Gary, please allow me another question related to take off distances. If Lae to Howland used almost 1890 feet of runway due to the weight of the plane and a full fuel load, then does that mean it would be the same approx 1890 feet taking off from Howland to Lae. As she would have done on the first world attempt? If yes then would she have used the longer runway? Remembering that the 300 foot extension wasn't there for the first attempt. Purely from the standpoint of interest. It has no bearing on the hypothesis. Thank you in advance.
I don't know where you got the 1890 foot value from. My prior calculation for takeoff at Lae was 2278 feet without flaps and 1914 feet with 30° flaps. This was at sea level, 85° F, no wind, 1100 gallons of fuel on board making the weight 15,000 pounds. The actual no flap takeoff distance measured by Chatter was 2,550 feet, only 272 feet more than the calculated distance. If you don't believe Chatter then you at least know that the plane could take off in less than 3,000 feet under those conditions.
See my prior post here. Since the weather conditions are virtually the same if taking off from Howland to fly to Lae we know that the plane could certainly get off in 3,000 feet and most likely in 2,550 feet or a little bit less without flaps. The north-south runway at Howland was much longer than 3,000 feet and there is no reason to believe that the plane could not take off with a 15 mph crosswind on that runway. If taking off into a 15 mph east wind then the 2,550 feet becomes only 1,867 without flaps and the 1,914 foot flaps down takeoff would only take 1,349 feet so either way the east runway would have been long enough.
However, flying to Lae from Howland with the existing, fairly normal, wind conditions on that route the flight would take significantly less time so the plane could have taken off with less fuel. It is 2,556 SM miles and the 25 mph headwind on the leg from Lae to Howland would be a 25 mph tailwind going the other way making the ground speed 50 mph faster and taking about 5 hours less. This means that that flight could be made with about 250 gallons less fuel which weighs 1,500 pounds so the takeoff could have been made at a significantly lower weight of 13,500 pounds which is approximately the same as I calculated for the Howland to Hawaii flight.
I wrote before:
"Except we know that they had planned to carry only 825 gallons of fuel for the leg from Howland to Hawaii which is only 1892 SM, 664 SM shorter than the Lae to Howland leg. This is 275 gallons less than they carried on takeoff from Lae so the weight of the plane would have 1650 pounds less, only about 13,350 pounds. Doing the same takeoff calculations I have shown before we know that the takeoff distance varies with the weight ratio squared. Report 487 gives 2100 feet for a takeoff at 16,500 pounds, 13,350 pounds is only 0.809 of the maximum weight, which squared equals 0.654 times 2100 feet predicts the takeoff distance at Howland of 1,375 with 30° of flaps. For a no flap takeoff the distance would be the same 0.654 times 2,600 feet for a Howland takeoff distance of 1,700 feet."

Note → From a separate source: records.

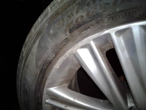 Some cosmetic curb rash on both wheel and tire. Perfect for a full sized spare or a replacement wheel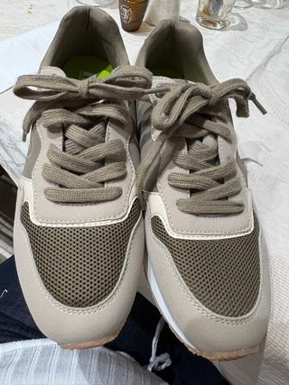 Zapatillas deportivas de estilo casual. - Combinación de colores verde y gris. - Detalle en naranja en el interior. - algo usabas pero están bien - perfectas para el día a dia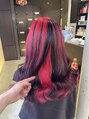 インナーカラー×アンブレラカラー元々入っていたインナーカラーをそのまま残して表面にアンブレラカラーをプラスして黒を挟んだ三層のカラーでインパクト抜群のスタイルにしました♪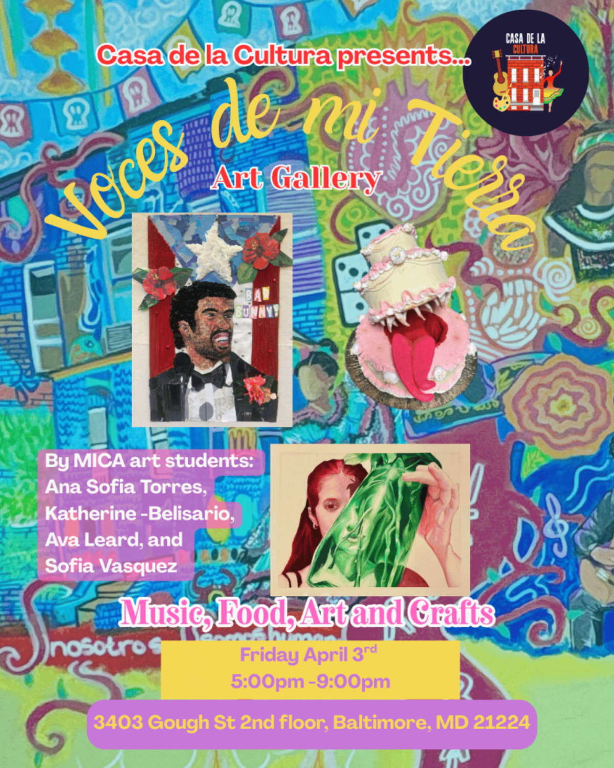 Let’s continue uplifting immigrant and Latina artists in Baltimore. Bring a friend and join us for an unforgettable evening of art and community!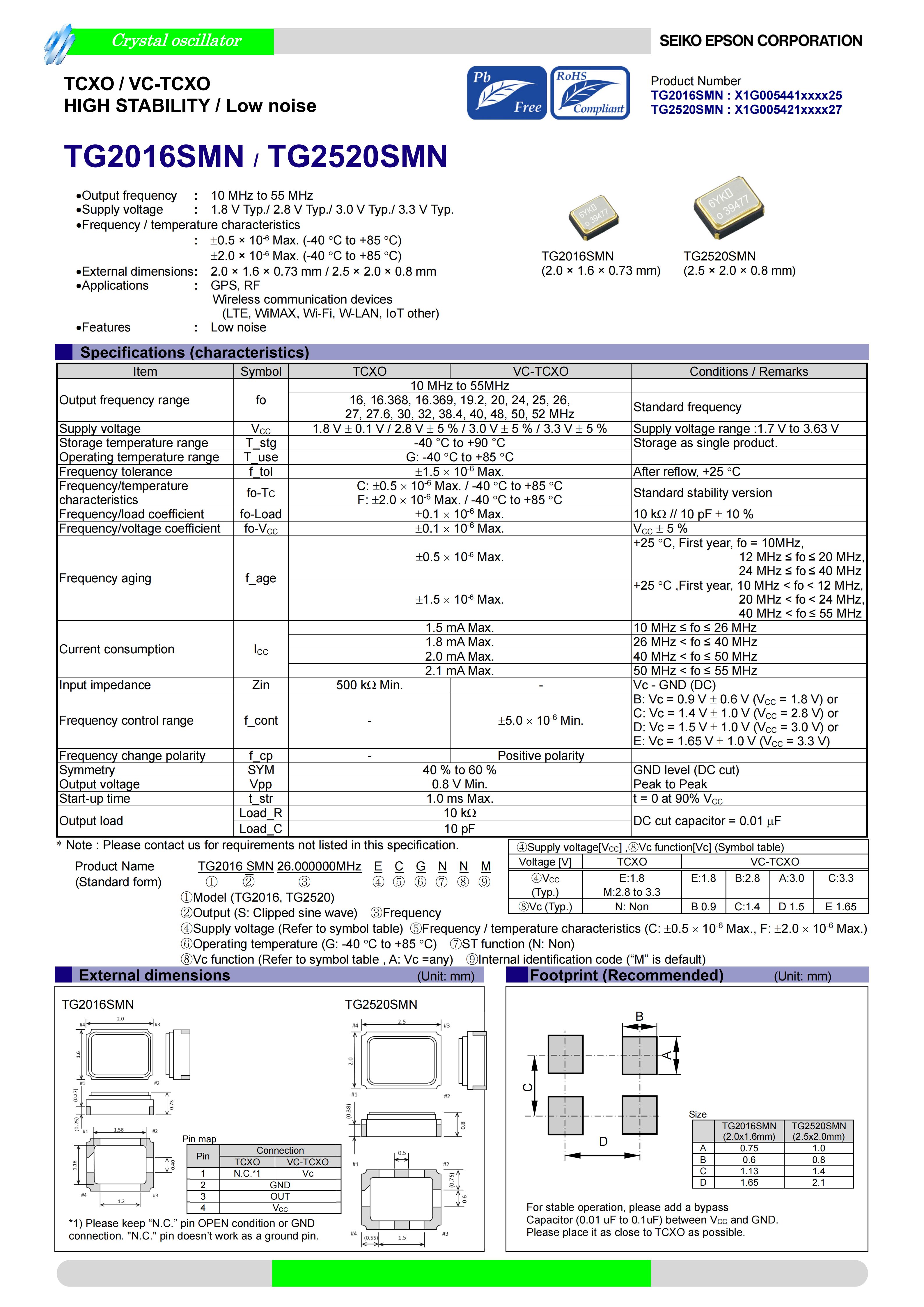 TG2016SMN 52.0000M-ECGNNM12TG2016SMN52MHz1.7V ~ 3.63V±500ppb-40°C ~ 85°C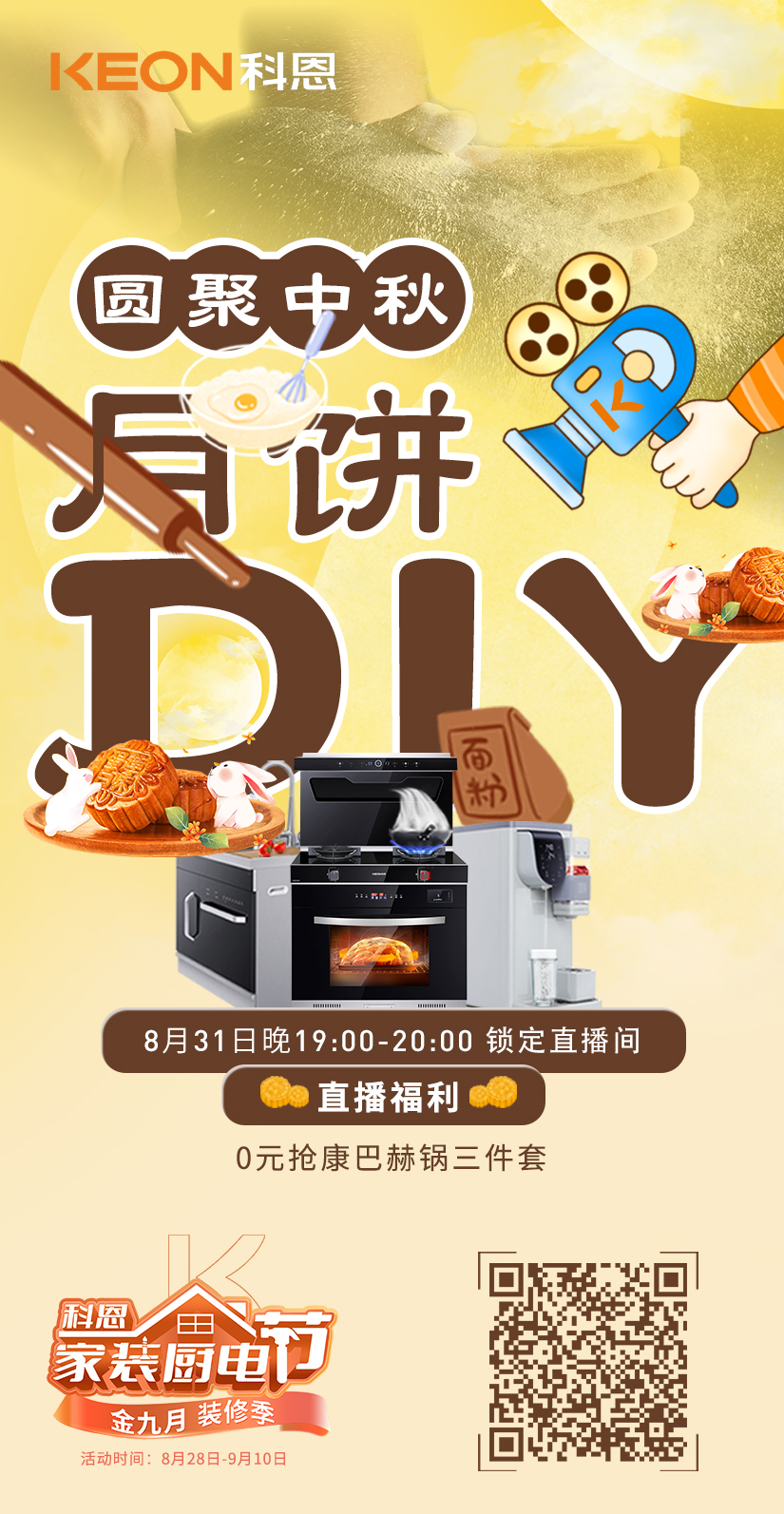 講真,吃久了外面買的月餅,總有那么一刻想要自己做來試試,而看到種種月餅DIY教程,呃……似乎難度……有點(diǎn)大!!??!于是!科恩集成灶就貼心的在科恩家裝廚電節(jié)活動(dòng)期間安排了【圓聚中秋,月餅DIY】為主題的直播活動(dòng)!手把手教你用科恩集成灶做高顏值的中秋月餅,而且據(jù)說直播現(xiàn)場(chǎng)還有0元搶康巴赫鍋三件套的壕氣福利!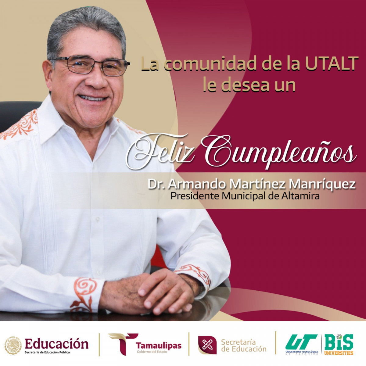 La UTALT extiende una cordial felicitación al Dr. Armando Martínez Manríquez, Presidente Municipal de Altamira, con motivo de su cumpleaño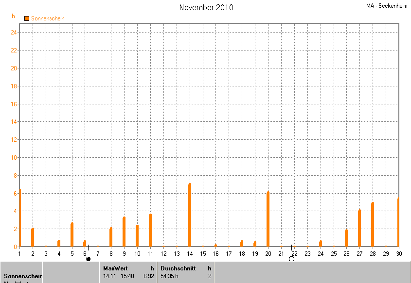 Dargestellt wird die grafische Übersicht für die Sonnenscheinzeit. Zu sehen sind immer die täglichen Sonnenstunden (von 0-24 Uhr):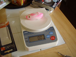 推測するに、フロッグの塩ビ素材は、ねずみ色のヤツで、熱に弱いので、釜ゆでで変質して柔らかくなってしまう。その代償として、ボディがゆがんでしまう。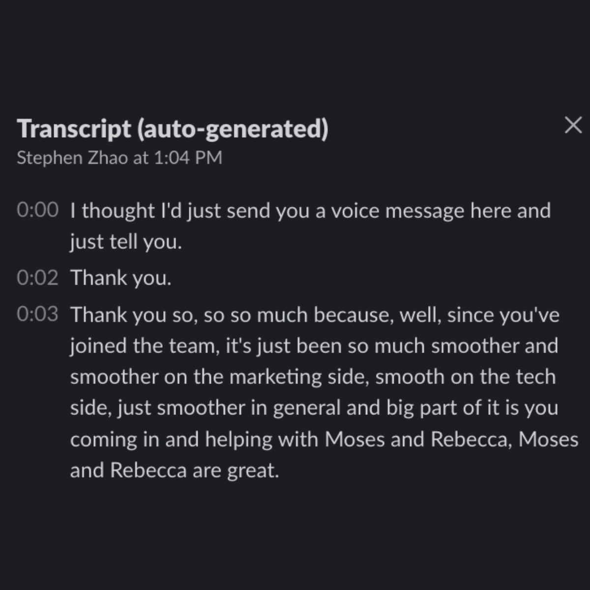 "I really appreciate how much ownership you're taking and the thought you're putting into tightening systems and follow-through. It's clear you care about doing this well."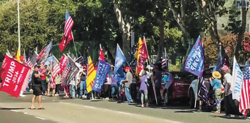 前總統特朗普13日到三藩市灣區林邊市(Woodside)參加籌款活動,大群支持者及反對者在籌款宴會舉辦場地外聚集。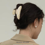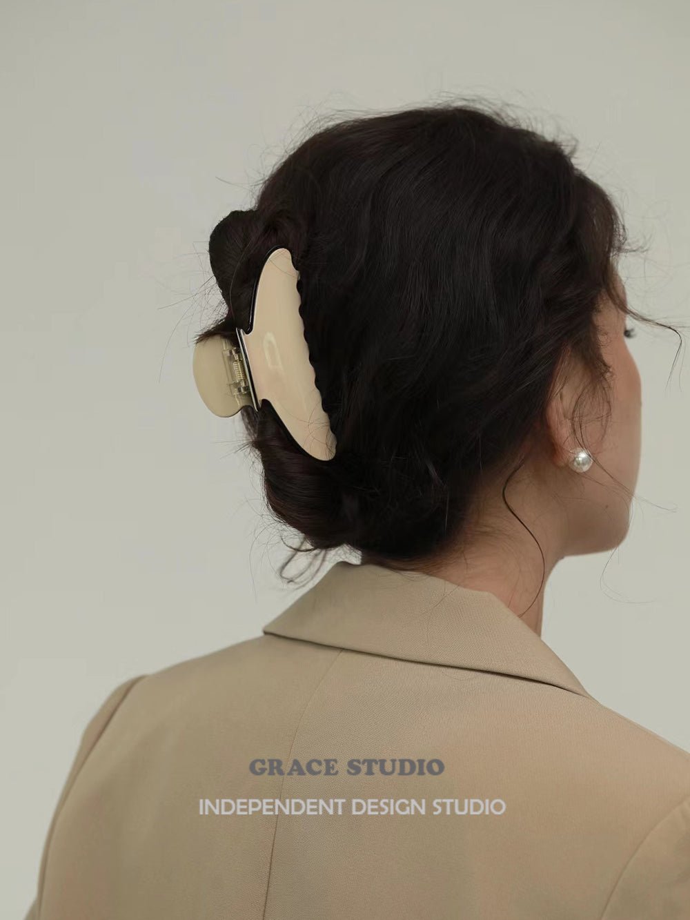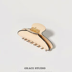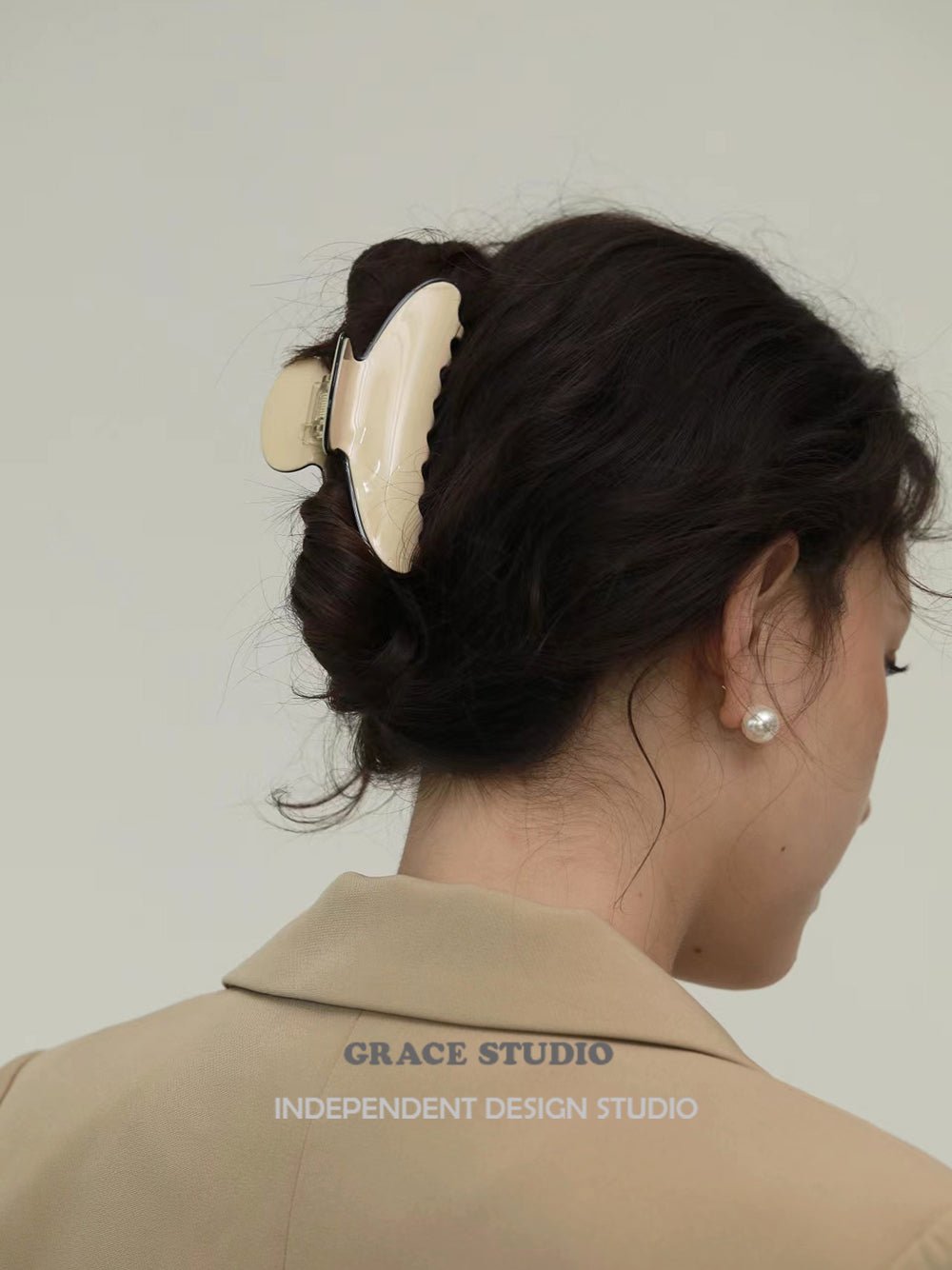 Hair Clip Discover versatile poise with this Curved Beige Banana Claw Hair Clip from Grace Studio, where smooth acetate in a light beige hue meets a gold-tone hinge for a secure, sculpted hold that elevates buns or twists with effortless grace. Its gently arched form and subtle sheen add a whisper of modern minimalism, perfect for transitioning from desk to dinner without a fuss. Details:

Then adjusting this for a takeoff into the wind, I wrote before:
"From my prior post, the takeoff distance with no wind at Howland is 1,375 feet with 30° of flaps. For a no flap takeoff the distance would be 1,700 feet. A 20 mph headwind would shorten the 30° flap distances by 41.5% and a 10 mph headwind would shorten these distances by 22%. So with 30° of flaps and a 20 mph wind the distance would be 804 feet, with a 10 mph wind it would be 1070 feet. Without flaps, the reductions would be 38% and 20% so the distances would be 1050 and 1356 respectively.
BTW, I don't make this stuff up, see attached graph from Aerodynamics For Naval Aviators, the official Navy manual.
The calculation is easy. The takeoff speed of the plane with the lighter fuel load of 825 gallons for the shorter flight from Howland to Hawaii at the gross weight of 13,350 with no flaps is 93.5 mph and for a 30° of flaps takeoff the takeoff speed is 85 mph. The formula for computing the takeoff distance allowing for wind is:
Takeoff distance (wind) = Takeoff distance (no wind) (1 - wind speed/takeoff speed)^2
So for the 30° flap takeoff with a headwind component of 20 mph the calculation looks like this:
TD(w20) = 1375 (1- 20/85)^2
TD(w20) = 1375 (1 - 0.235)^2
TD(w20) = 1375 (0.585)
TD(w20) = 804 feet
You can work out the other examples yourself."
You can do the calculation for a 15 mph wind.
gl